19. Sonntag im Jahreskreis | 7. August 2022
Meditation

Foto: Gábor Adonyi/Pixabay

Auf einem Logenplatz?

1950 wurde er geboren. So heißt es. So steht es da. Schwarz auf Weiß. Geborenwerden. Das heißt: ein Schicksal haben. Oder auch: eine eigene Geschichte – auch wenn man selber, wie es aussieht, keine Zeile daran mitgeschrieben hat. Schreiben, selber schreiben, etwas Eigenes, das kam erst viel später. Als es für vieles schon zu spät war. Geborenwerden. Das heißt auch: einer von vielen sein, und unter so vielen doch genau dieser Eine, Verwechslung ausgeschlossen. Heißt: eine Identität haben, gleich einem rohen Rahmen. Kontur, Beschaffenheit und Form steuert dann nach und nach das Leben bei, dieses geliebt-verhasste, einzige Leben, das man für sich erwirbt ganz ohne Zutun, beim Geborenwerden. Dieses Leben, in das man hineinwachsen soll und aus dem man doch zugleich Augenblick für Augenblick herauszuwachsen meint, das man zubringt mit Warten und Eilen und das so schlecht sitzt wie ein Mantel, den man im Laufen zu Ende knöpft. Ein Mantel, der manchmal so gar nicht wärmen will.
Justizbeamter war er jahrelang. So viel steht fest. (...) Er selber, so viel weiß man, kam nie in Haft. Und verlor doch irgendwann die Haftung fürs eigene Dasein. Eines Tages, so hat es den Anschein, entglitt ihm sein Leben wie ein Stück Seife. Von diesem Moment an war auch das richtige Waschen manchmal ein Problem. Nicht so ein großes wie der Alkohol, das nicht, denn der sorgte schließlich schon früh für die Frühpension. (...)
Ein Zuhause haben ist eine Sache. Sich im eigenen Leben zu Hause fühlen eine andere. Und es sind unendlich viele, die wohl ein Zuhause haben, aber dennoch kein Daheim. Er, so ist es notiert, hatte bald weder das eine noch das andere mehr. Er wurde delogiert, das ist vermerkt. Delogiert, weil seine Wohnung umgebaut wurde. (…) Delogiert, was heißt das schon?! Da tut die Sprache so, als hätte man zuvor wirklich so was wie einen Logenplatz gehabt im Leben. Erste Reihe fußfrei, oder so. Und irgendwann noch nicht mal Schuhe …
Jetzt ist er schon gut ein halbes Jahrhundert alt. Das heißt auch: durchgehalten haben, überlebt haben, ein Schicksal haben, ein eigenes, wenn schon sonst nicht viel, aber doch: ein Schicksal, immer noch …

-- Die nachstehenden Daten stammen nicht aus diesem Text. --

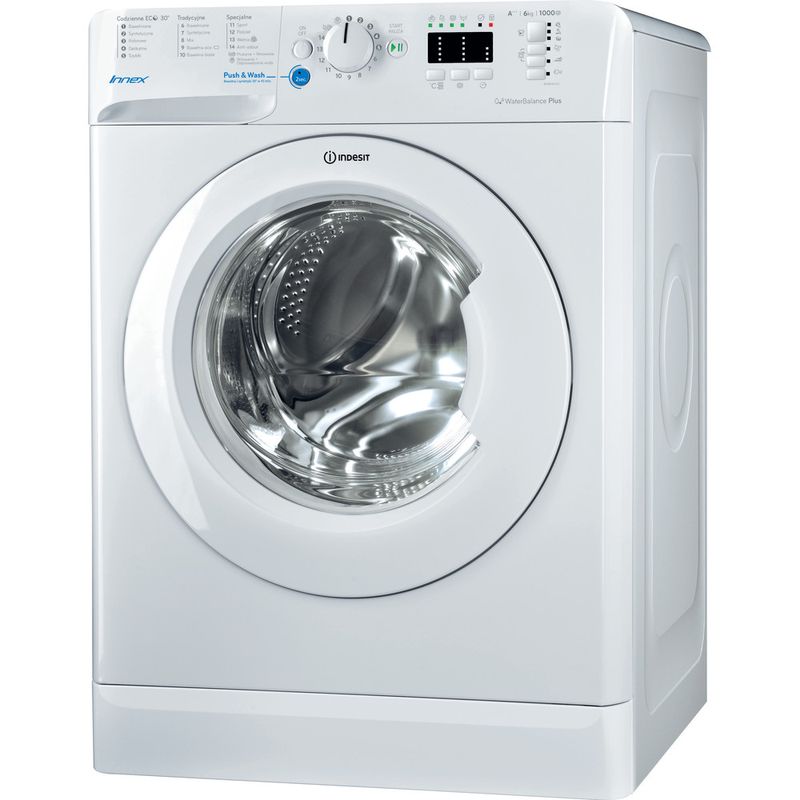 Cechy wolnostojącej pralki ładowanej od przodu Indesit: przestronny bęben o pojemności 6 kg. Szybkie i skuteczne wirowanie z prędkością 1000 obrotów na minutę. Kolor biały.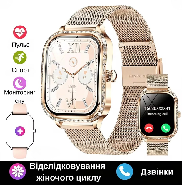 Смарт-годинник Lige MK88 Gold з пульсоксиметром, дзвінки по годиннику, 2 ремінці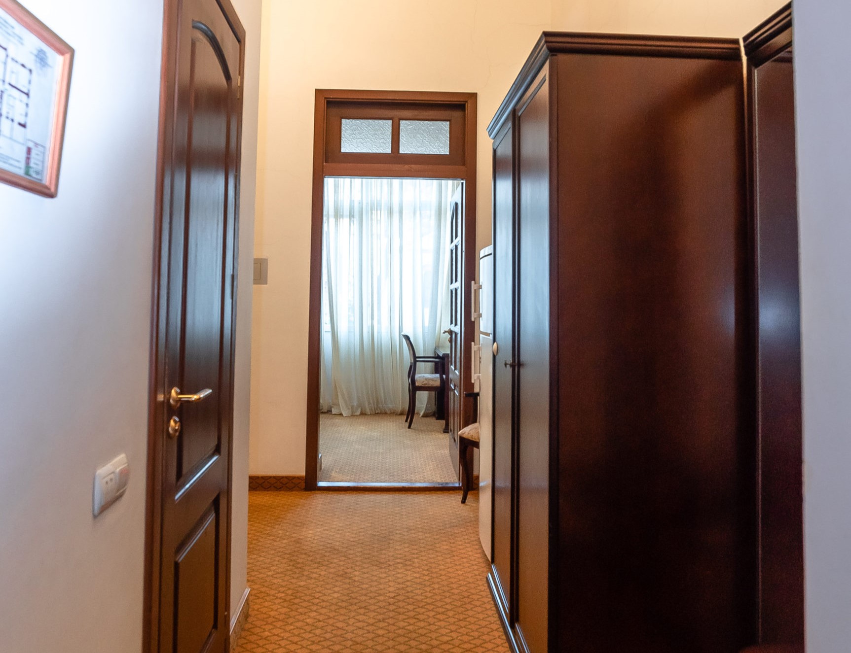 Оборудование: сейф, телевизор, телефон, холодильник, чайный набор посуды, электрочайник: минеральная вода.

Andrea Sailer in: „Manns.Bilder. Vom Leben geschrieben – vom Gedanken belebt“ (Steir. Verlagsanstalt, 2003). Anlässlich des Jubiläums 10 Jahre VinziDorf wurden Autorinnen und Autoren eingeladen, die Lebensgeschichte einiger obdachloser Männer des Grazer VinziDorfes literarisch darzustellen. Der obige Text ist ein Auszug aus Andrea Sailers Beitrag „Vielleicht eine Geschichte oder Mutmaßungen entlang eines sehr lückenhaften biografischen Geländers“.